## EXERCISE GOAL
Whatever precedes the line containing "休息瞬间,学子们深情唱起了羽泉的《奔跑》 心中满怀憧憬和希望" is not copied; that line and every line after it through the final one below are copied exactly, except pictures.

## DATA FOR ANALYSIS
○ ○ ○ ○
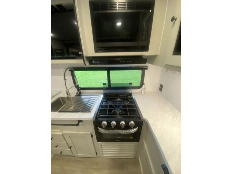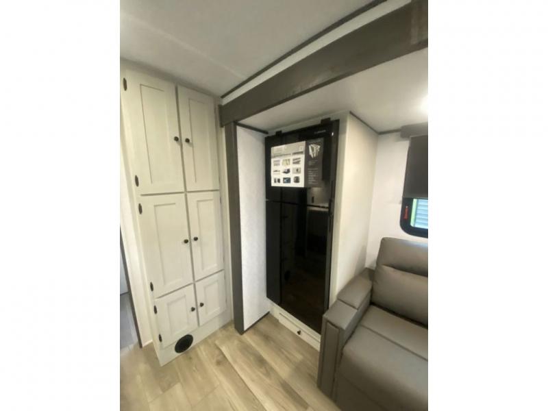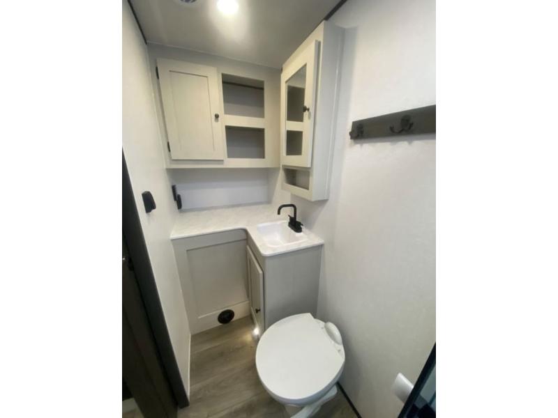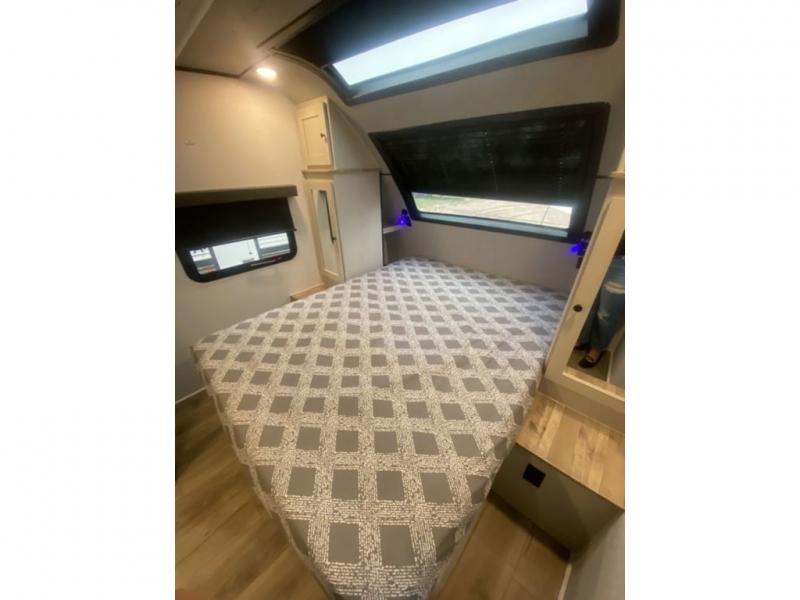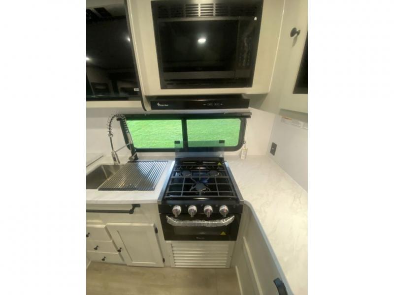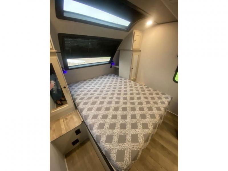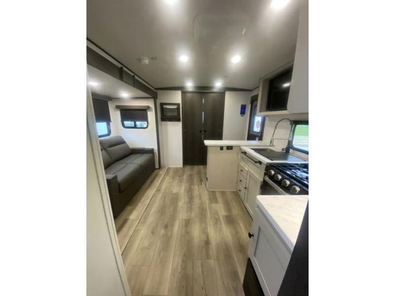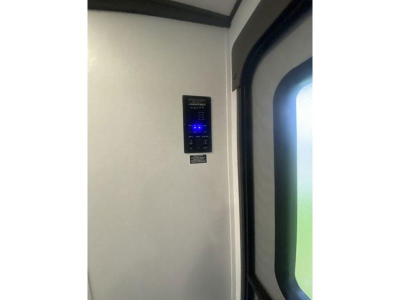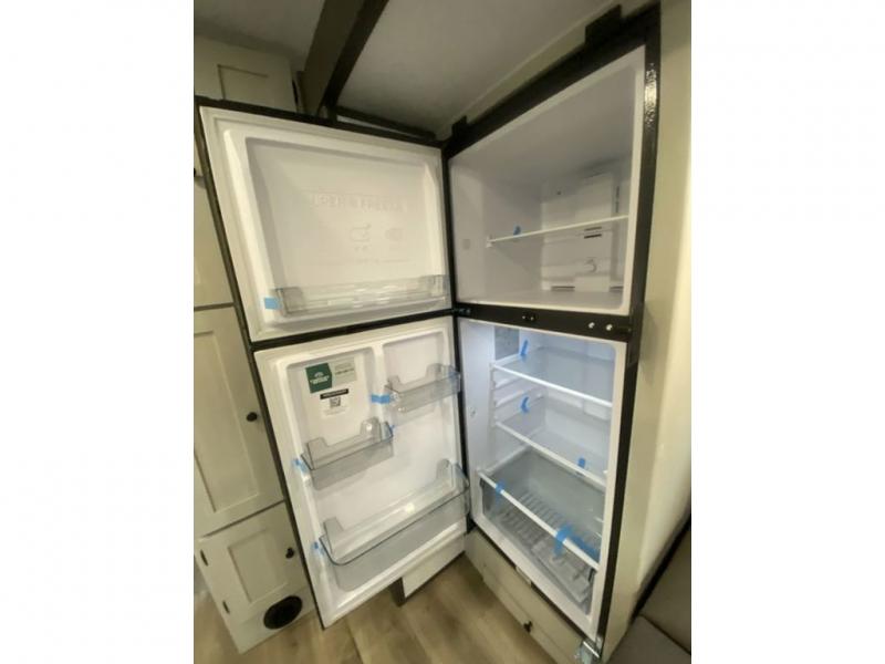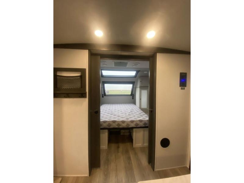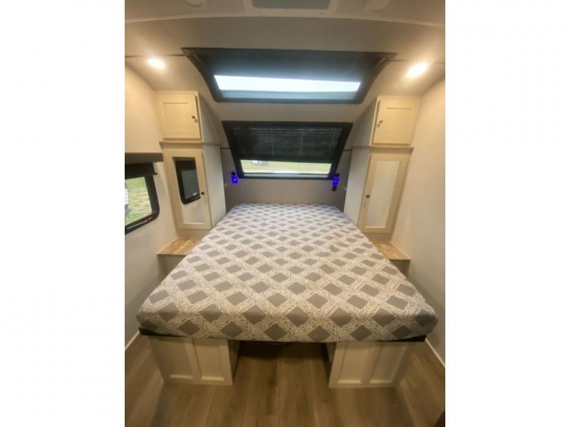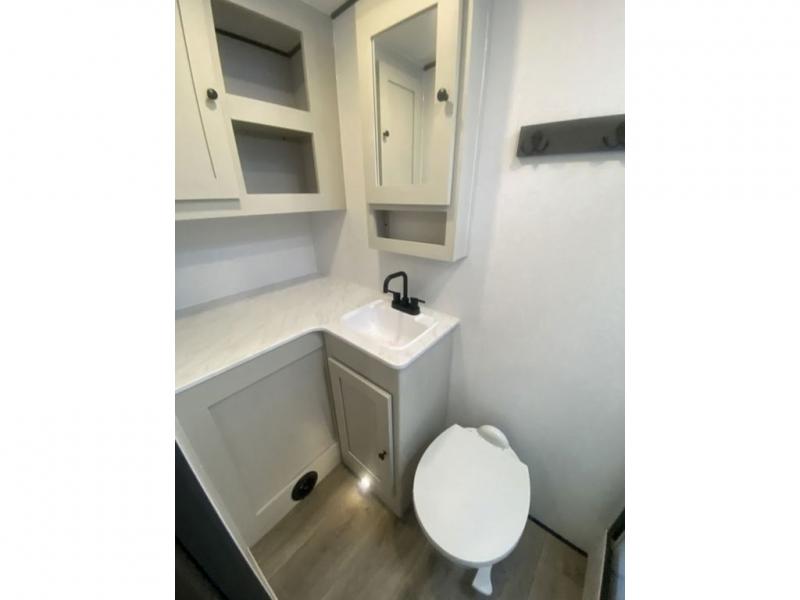 This travel trailer is the perfect match for a couple. It offers comfort and space thanks to the queen size bed with storage below, dual wardrobes and night stands beside the bed. Spend days of fun with the entertainment center which has a 40"TV and theater seats. Also, the rear bathroom is perfect to take a shower after a long day of adventures.
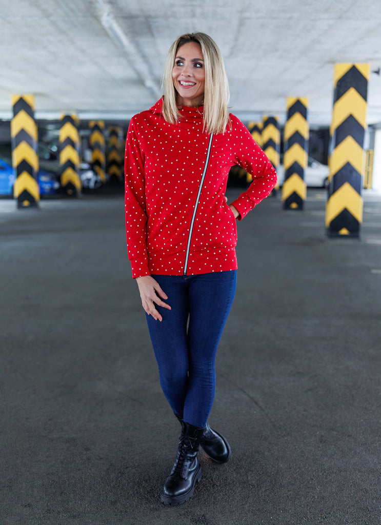 - Šitá s ozdobným špirálovým zipsom, ktorý je elegantným doplnkom celej mikiny
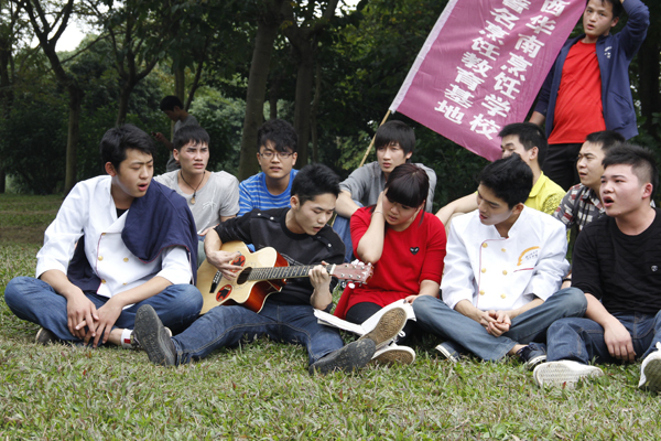 休息瞬间,学子们深情唱起了羽泉的《奔跑》 心中满怀憧憬和希望
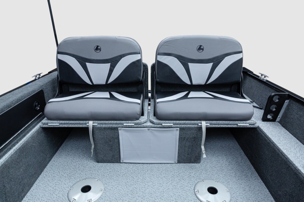Decks and Storage Rear battery storage area 5 drink holders Large port and starboard bow storage compartments Large bow center storage compartment Large rear casting deck with seat mount
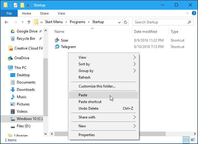 ÖSSZEFÜGGŐ: Programok, fájlok és mappák hozzáadása a rendszer indításához a Windows rendszerben
○ ○ ○ ○
## ANSWER TO THIS EXERCISE
 休息瞬间,学子们深情唱起了羽泉的《奔跑》 心中满怀憧憬和希望
Decks and Storage Rear battery storage area 5 drink holders Large port and starboard bow storage compartments Large bow center storage compartment Large rear casting deck with seat mount
 ÖSSZEFÜGGŐ: Programok, fájlok és mappák hozzáadása a rendszer indításához a Windows rendszerben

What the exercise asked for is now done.